Segment Start: Given information
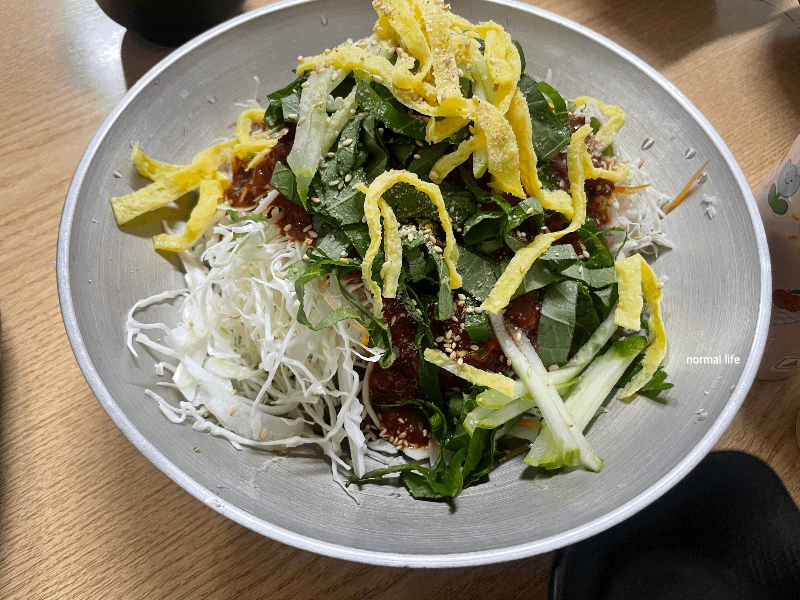 빨간 양념장, 깻잎, 오이, 양배추, 지단이 먹음직스럽게 올라간 비빔면이다. 보기만 해도 푸짐한 양이다. 아삭아삭한 채소들 씹히는 맛이 여름의 맛을 느낄 수 있다. 새콤달콤한 비빔면과 반월소바의 돈까스를 함께 맛보면 또 다른 별미이다.
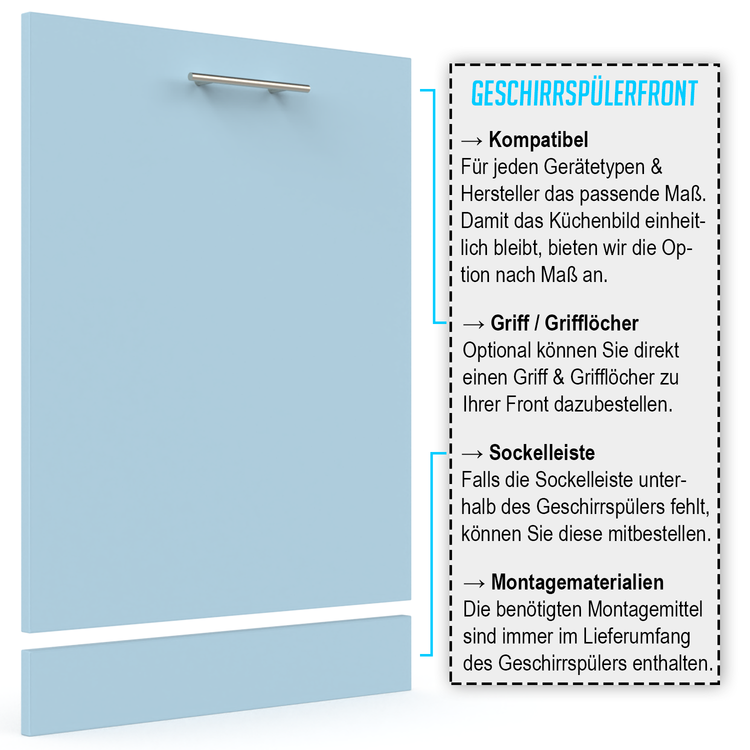 Ist das von Ihnen benötigte Maß nicht dabei, produzieren wir die Geschirrspülerfront ohne zzgl. Kosten nach Ihrem Wunschmaß.
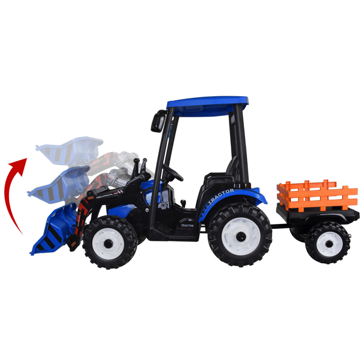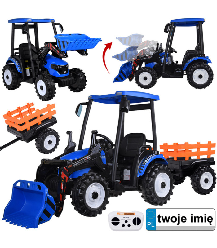 Elektrinis traktorius su priekaba ir kaušu yra kiekvieno mažo ūkininko svajonė! Naudodami šią įrangą, pavasario tvarkymas sode taps lengvas kaip pyragas! Traktorių varo 2 galingi 24V 200W varikliai, kurie užtikrina sklandų važiavimą tiek asfaltu, tiek trinkelėmis, tiek žole. Traktorius yra kruopščiai sukurtas, kad atitiktų tikrąją versiją. Jis neabejotinai patiks vaikams ir jų draugams.
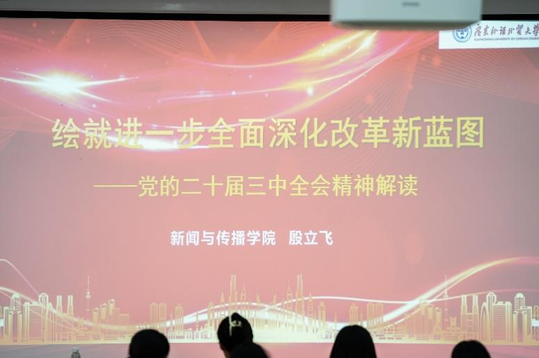 殷立飞结合实例,向参会师生解读党的二十届三中全会精神。他指出“深化改革就是跟党创业”。涂书记表示,希望同学们认真学习领悟党的二十届三中全会精神,坚持党的领导,关注改革发展动向,做好党实现历史性目标的生力军,积极发挥自身优势,传播中国故事与中国智慧。
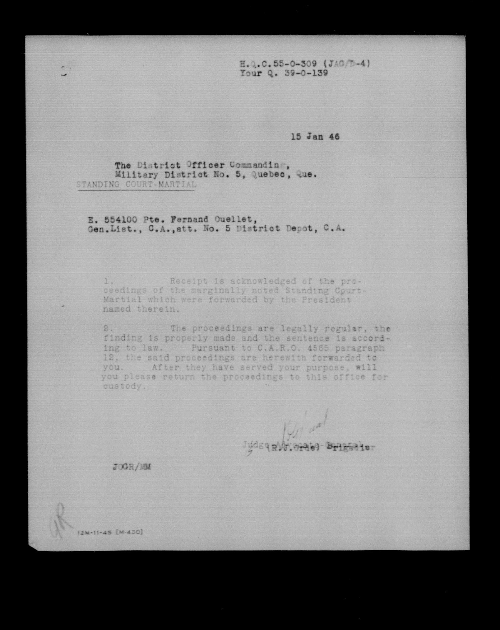 Canadian Army Courts Martial documents (1939-1945) - 15714
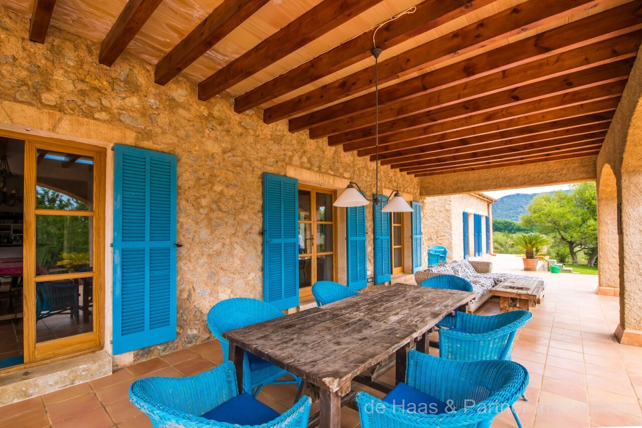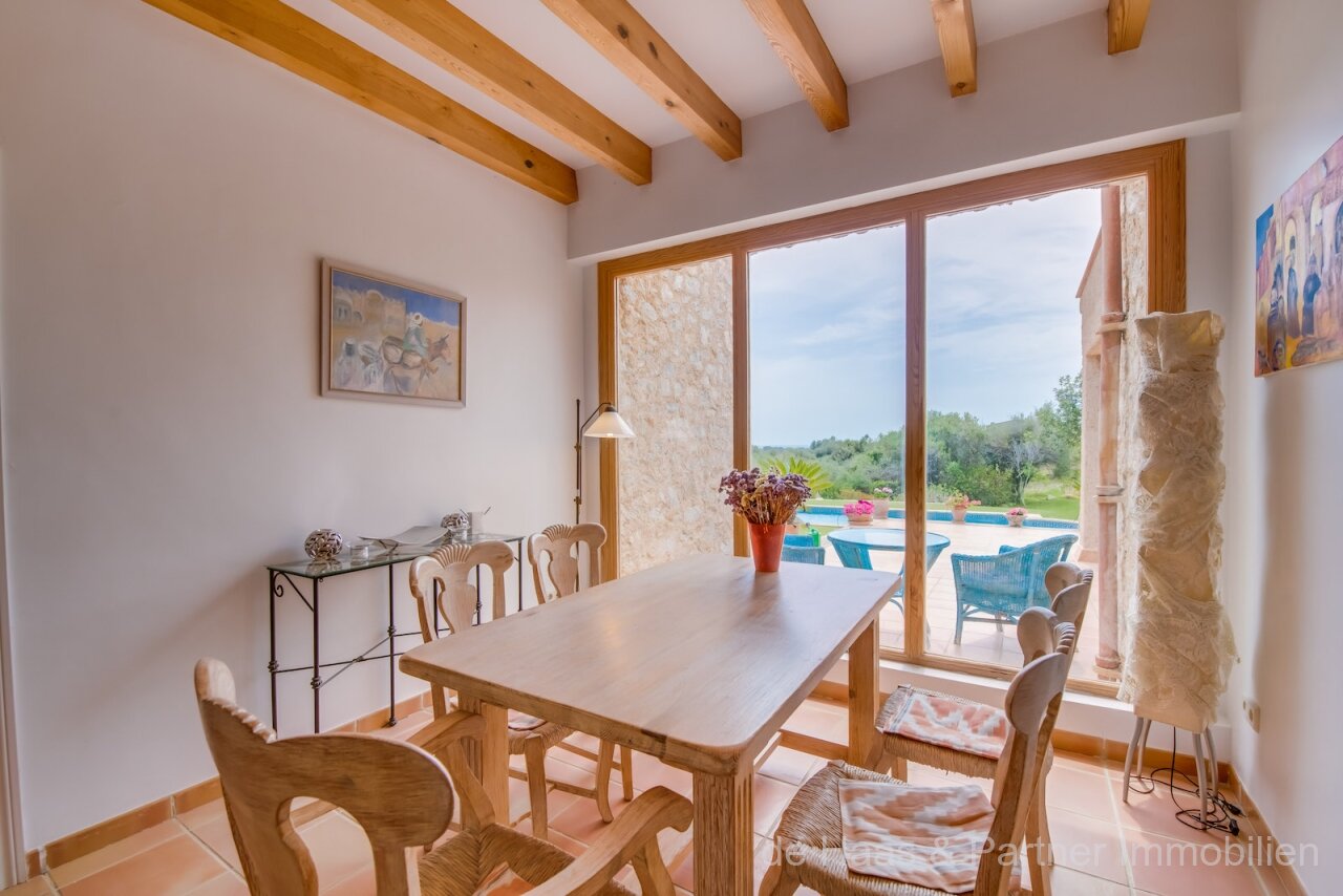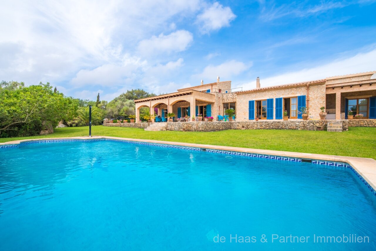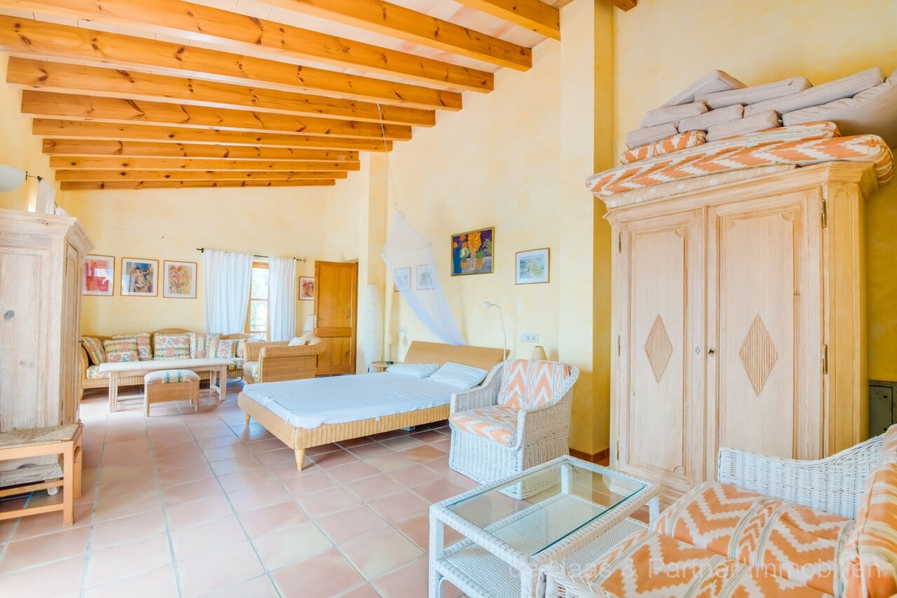 Finca is in a very good and quiet location near Son Servera and Costa de los Pinos. Best sea view of the bay of Costa de los Pinos. Well-kept plot (approx. 7.103m2) with beautifully landscaped gardens.
Segment End: Given information
- Aim of the task
Return every entry above word for word, leaving pictures out.

- Written solution
 빨간 양념장, 깻잎, 오이, 양배추, 지단이 먹음직스럽게 올라간 비빔면이다. 보기만 해도 푸짐한 양이다. 아삭아삭한 채소들 씹히는 맛이 여름의 맛을 느낄 수 있다. 새콤달콤한 비빔면과 반월소바의 돈까스를 함께 맛보면 또 다른 별미이다.
 Ist das von Ihnen benötigte Maß nicht dabei, produzieren wir die Geschirrspülerfront ohne zzgl. Kosten nach Ihrem Wunschmaß.
 Elektrinis traktorius su priekaba ir kaušu yra kiekvieno mažo ūkininko svajonė! Naudodami šią įrangą, pavasario tvarkymas sode taps lengvas kaip pyragas! Traktorių varo 2 galingi 24V 200W varikliai, kurie užtikrina sklandų važiavimą tiek asfaltu, tiek trinkelėmis, tiek žole. Traktorius yra kruopščiai sukurtas, kad atitiktų tikrąją versiją. Jis neabejotinai patiks vaikams ir jų draugams.
 殷立飞结合实例,向参会师生解读党的二十届三中全会精神。他指出“深化改革就是跟党创业”。涂书记表示,希望同学们认真学习领悟党的二十届三中全会精神,坚持党的领导,关注改革发展动向,做好党实现历史性目标的生力军,积极发挥自身优势,传播中国故事与中国智慧。
 Canadian Army Courts Martial documents (1939-1945) - 15714
 Finca is in a very good and quiet location near Son Servera and Costa de los Pinos. Best sea view of the bay of Costa de los Pinos. Well-kept plot (approx. 7.103m2) with beautifully landscaped gardens.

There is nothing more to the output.